Deezer's musical offering comes for smartphones and through offers designed for people who already have plans with Tigo. However, Le Roux says, "80% of mobile users [in Latin America] use prepaid mobiles. So the big chunk of the population we need to address is the prepaid consumer."

A Working Model

The fact that Muve Music and its U.S. carrier, Cricket, are targeting prepaid consumers made it a hit with U.S. Hispanics. In the States, one-third of Cricket's customers are Hispanic, and that demographic defined the service, Muve senior VP Jeffrey Toig says.

"From the very beginning, the idea for Muve was how to build an amazing digital music service and experience for this segment, a large component of which is Hispanic...It had to be built for the mobile phone because for many of the customers Cricket serves, the phone--not the computer--is the center of their lives."

According to Toig, 15%-20% of all music that's listened to on Muve in the United States is Latin, a huge percentage compared with any other digital or mobile service in the country. The success lies in targeting a Latin consumer who quite often doesn't have a credit card, or a computer, or a smartphone, and who prepays for mobile phone usage.

That's also the case in Latin America, Universal's Duque says, where the market is predominantly mobile and prepaid, and where credit card penetration isn't as high.

"You have to take that into consideration to have mass consumption," Duque says.

Sources say Muve plans to enter Latin America soon, as does Spotify, which is slated to launch in Mexico in mid-April.

The new kid on the block right now is Sony. The company made its first foray into Latin America when it launched Music Unlimited in Mexico, the service's 18th market, on March 6. The on-demand subscription service first launched in Europe in late 2010 and is the only subscription service available in Japan. Users can access their music collections on Android and iOS devices as well as Sony hardware like PlayStation 3 gaming consoles, Blu-ray players and Bravia-connected TV sets.

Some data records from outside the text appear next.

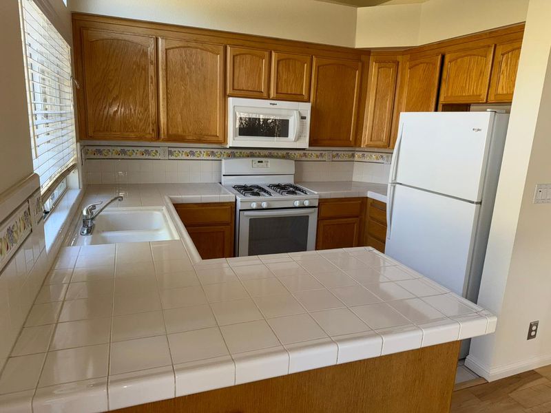 - Countertop - Tile, Dishwasher, Exhaust Fan, Garbage Disposal, Ice Maker, Microwave, Oven - Gas, Refrigerator
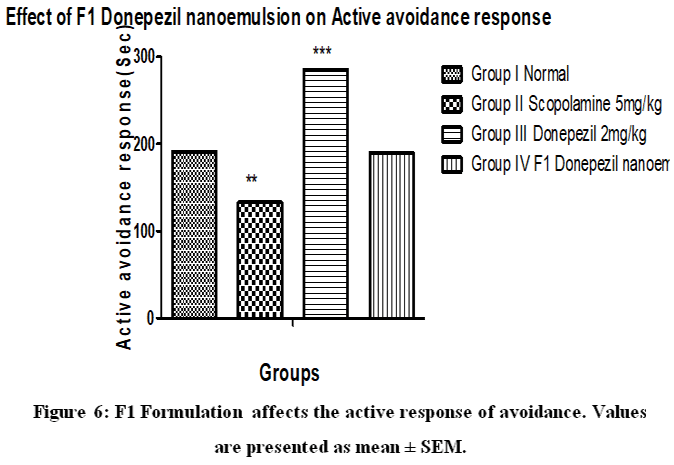 Figure 6: F1 Formulation affects the active response of avoidance. Values are presented as mean ± SEM.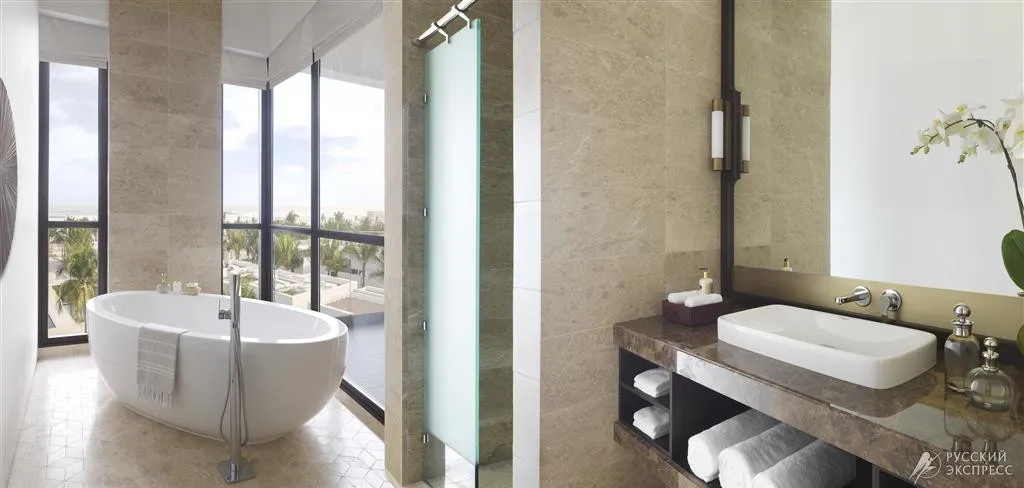 Архитектура курорта вдохновлена прибрежными крепостями Омана: величественные фасады и просторные сады с пальмами, водными каналами и уютными дорожками создают атмосферу уединенного оазиса. Гости могут прогуливаться по тенистым аллеям и наслаждаться видами на лагуну и сады, а также отдыхать у инфинити-бассейна или на белоснежном пляже.
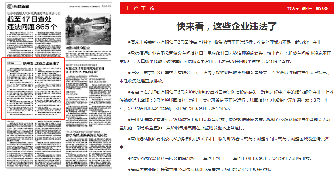 燕赵都市报:环境曝光台 快来看,这些企业违法了
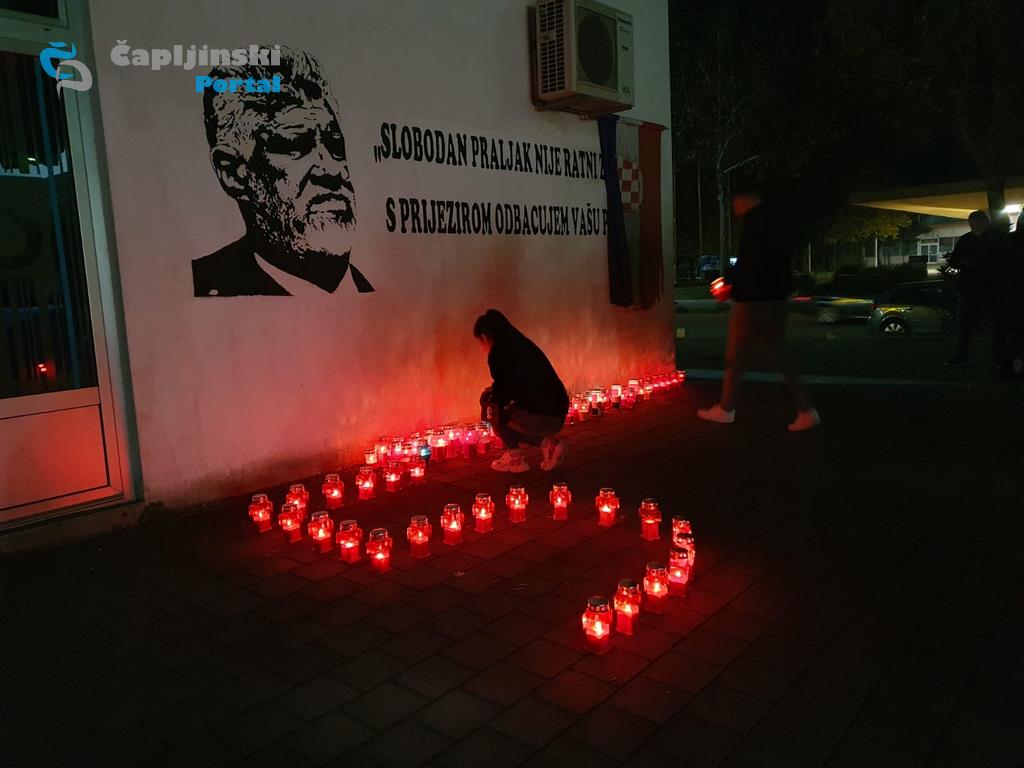 U Ulici Mate Bobana, pored grafita generala Slobodana Praljka, upaljene su svijeće povodom obilježavanja pete godišnjice njegove tragične smrti.
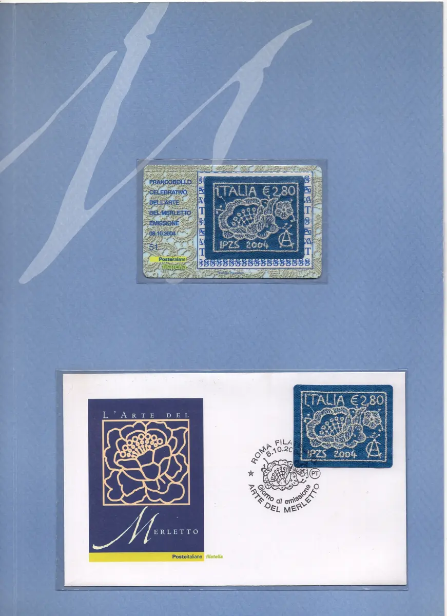 Gebraucht - 2004 Folder l'Arte del spitze - Enthält die neue Briefmarke, die Philateliekarte und den FDc-Umschlag sowie ein Spitzenlesezeichen - Cod. 4027/WEB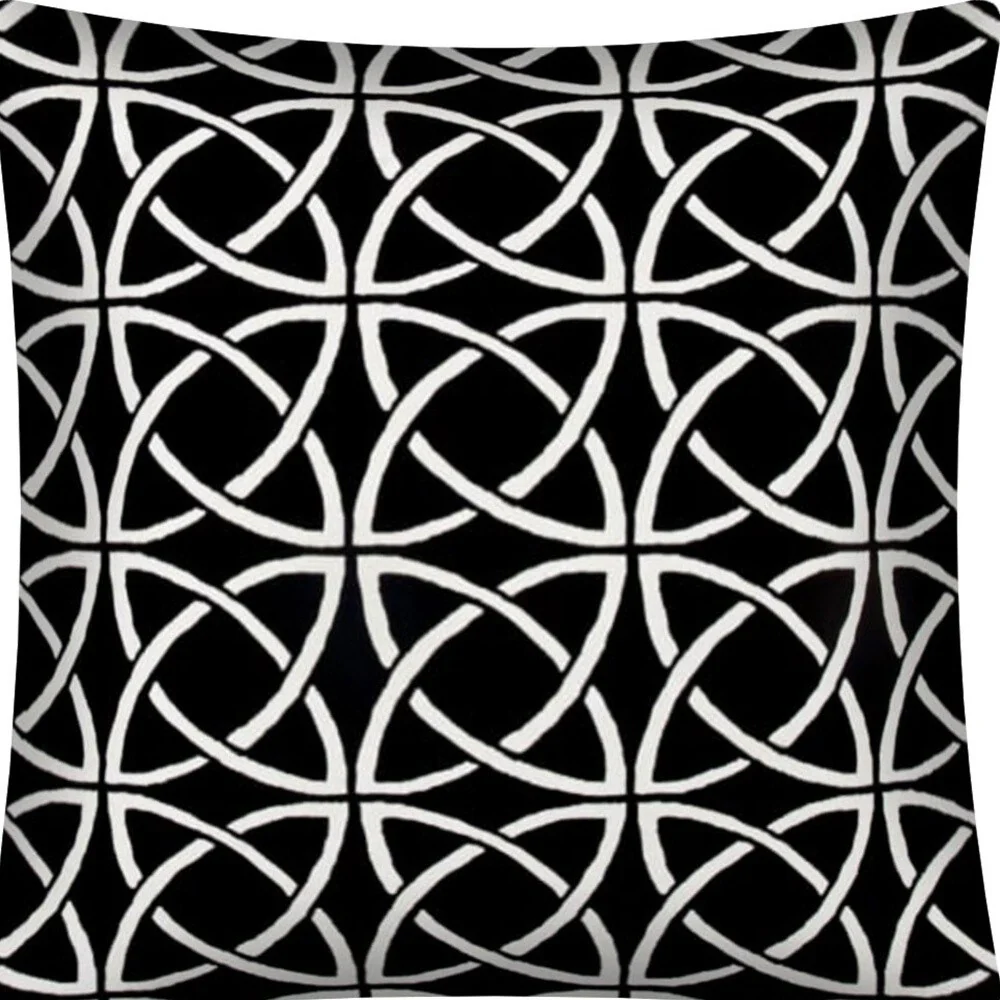 17" X 17" Black And White Zippered Polyester Interlocking Throw Pillow Cover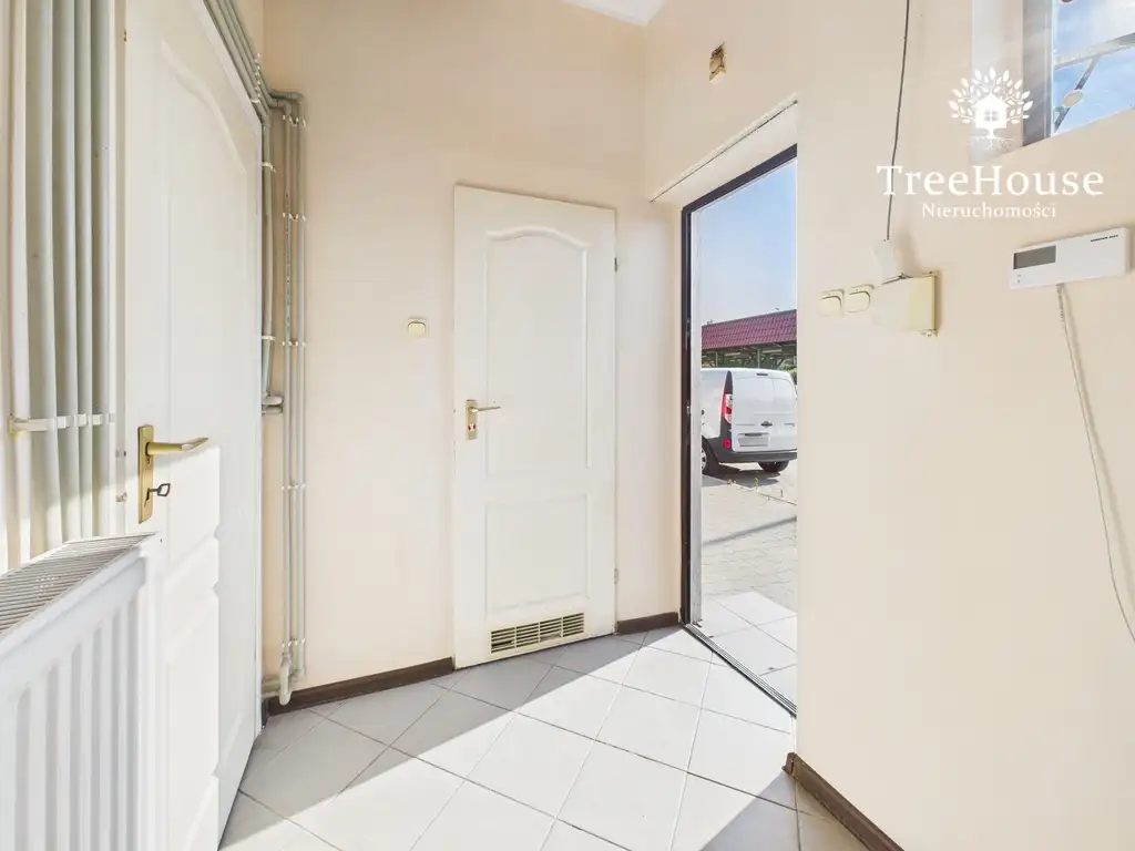 Dodatkowym udogodnieniem jest drugie wejście od strony podwórza, co umożliwia wygodne przyjmowanie dostaw lub oddzielenie obsługi klienta od zaplecza pracowniczego.

Sony tailored Music Unlimited for the Mexican market by adding four channels: Mexicana, reggaeton, rock and pop. "Localization is key for any of the [product launches] we do around the world," Sony Entertainment Network executive VP/COO Shawn Layden says.

Pricing and payment aren't fit to the local market, however. Pricing for Mexico is slightly less than in the United States and is in dollars: $4.49 for its access level and $8.99 for premium versus U.S. pricing of $4.99 access and $9.99 premium. In addition, customers must pay with an international credit card, as is still the case with iTunes in several Latin markets.

These restrictions, however, should ease in time, as the market matures and grows.

"I can't tell you that the digital market has saved us, but that we've worked to get to this place," says Universal Music Latin Entertainment president Victor Gonzalez, who's seen iTunes sales in Mexico grow by more than 80% year to year since its launch. "It's a great result, but it's taken a lot of work to get to this point."

The most important factor, he says, is that "we have consumers who are changing their music-consuming habits. There's a generation that understands it can purchase with a prepaid card, it can download music legally, and that's great news for a country like Mexico that's growing at a fast clip. It gives us hope for other services--be it subscription services or ad revenue-supported services--who will see the potential and launch here and have results."

"We're very excited about the streaming services because we've seen how they work, mainly in Europe, and we feel there's tremendous potential," says Gabriela Martinez, senior VP of marketing at Warner Music Latin America. "We're going to do everything we can to make them a success, and seeing such important players enter the market is a super-positive symptom that indicates we're on the right path."